Now Could Be the Right Time to Invest in Your Own Health

By:  Barry James Dyke

Key Points

  • Insurance companies do not invest their money in the potentially unstable way that banks do.
  • A mix of term and permanent life insurance is ideal for most investors, though only permanent life offers interest rewards.
  • Life insurance policies should never be created for short-term investing.

Two years ago, presidential candidate John McCain secured initial campaign financing by using his $3 million life insurance policy as collateral.

In 1980, Doris Christopher used a life insurance loan to launch her struggling kitchen gadget company. In 2002, she sold that company—the Pampered Chef—to Warren Buffett for a reported $900 million.

Even in the midst of the Great Depression, J.C. Penney used a loan against his $3 million life insurance policy to resuscitate his retail stores after the 1929 crash.

By this point in our nation’s recession, it is clear that there is no such thing as a perfect investment strategy. As the Dow Jones Industrial Average sits at about 65 percent of its value from 18 months ago, now is an ideal time to learn about the proven benefits, strengths, and versatility of life insurance and annuity investing.

IF IT’S GOOD ENOUGH FOR BANKERS . . .

According to government disclosures, Federal Reserve Chairman Ben Bernanke has a majority of his liquid wealth—between $1 million and $2 million—invested in fixed and variable annuities, which are contracts issued exclusively by life insurance companies that promise guaranteed rates of interest.

What’s more, the 401(k) Thrift Plan for Employees of the Federal Reserve System, according to a 2009 first-quarter Fed report covering 22,000 Fed employees, has 75 percent of its assets—that’s $3.2 billion—invested in its fixed-income fund, which is invested exclusively in annuity contracts underwritten by major U.S. life insurance companies guaranteeing principal and an interest rate of 5.8 percent.
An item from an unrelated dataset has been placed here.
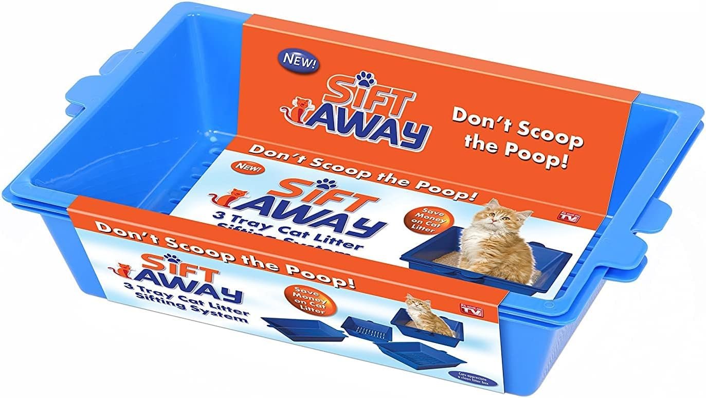 Clean litter in three easy steps- don’t scoop the Poop! Sift Away is the ingenious 3-tray litter sifting system. Simply lift the top layer – clean litter sifts through and dirty litter remains, ready to be tossed away. Rotate tray 180 degrees and place on bottom. Sift Away is ready for use – it’s that easy!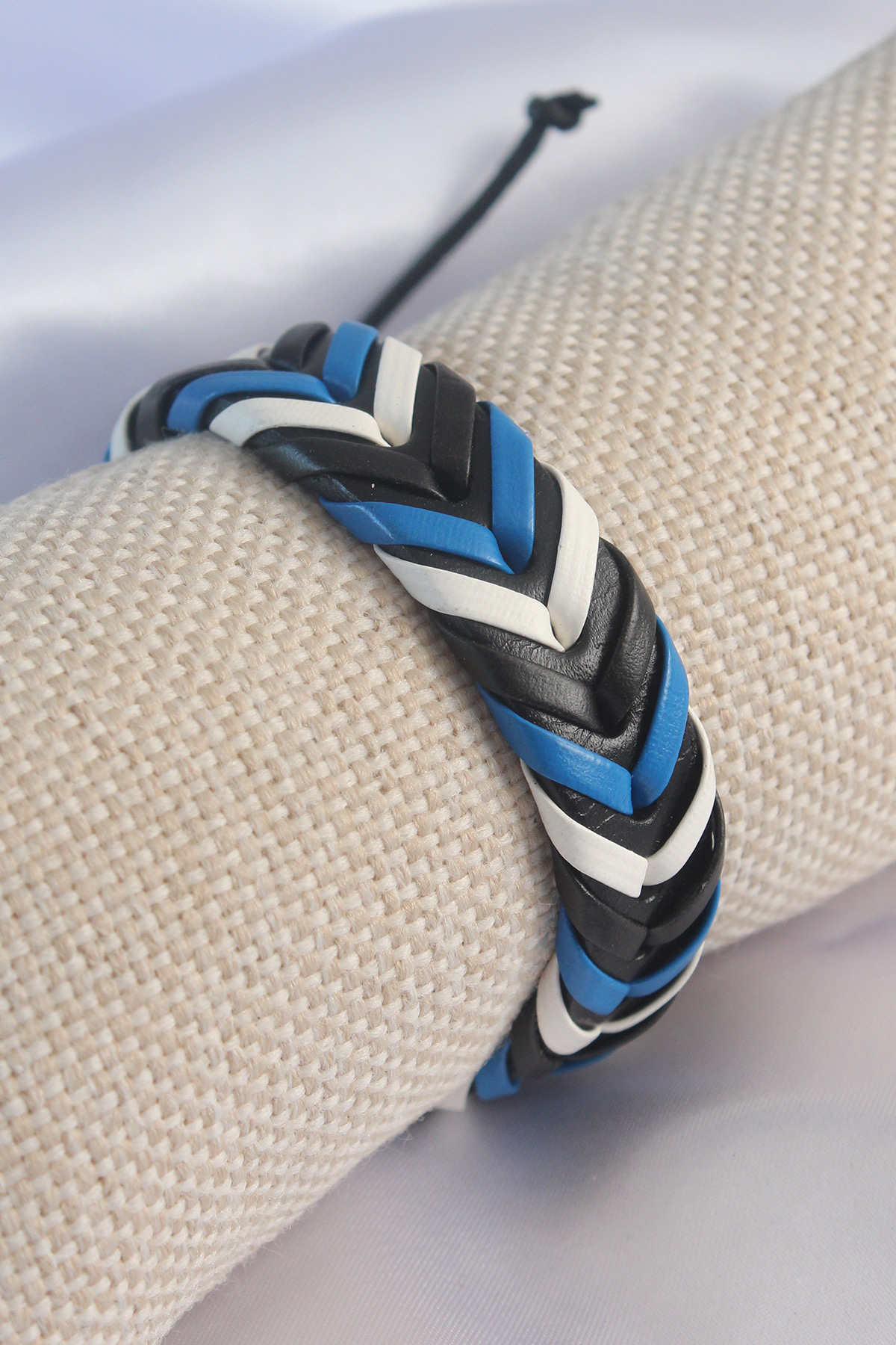 Mavi Beyaz Renk Siyah Deri İpli Erkek Bileklik - TJ-EB3584

And this is not a new trend. A Deloitte audit affirms that in 2007 and 2006, Fed employees overwhelmingly chose fixed-income annuity funds over volatile mutual funds.

The nation’s large banks invest immense sums of their Tier 1 capital reserves—a bank’s most important asset and a key measure of its strength—into permanent life insurance underwritten by major life insurance companies. (See sidebar “Banking on life insurance” for more details.)

Why do banks look to insurance companies for sound investment? Unlike banks, life insurance companies do not use excessive leverage. If a bank has $1 million on deposit, it can lend out up to $10 million to the public. This leverage is called “fractional reserve lending,” and it can lead to instability. Indeed, excessive leverage is a major reason why banks are failing today and have throughout history.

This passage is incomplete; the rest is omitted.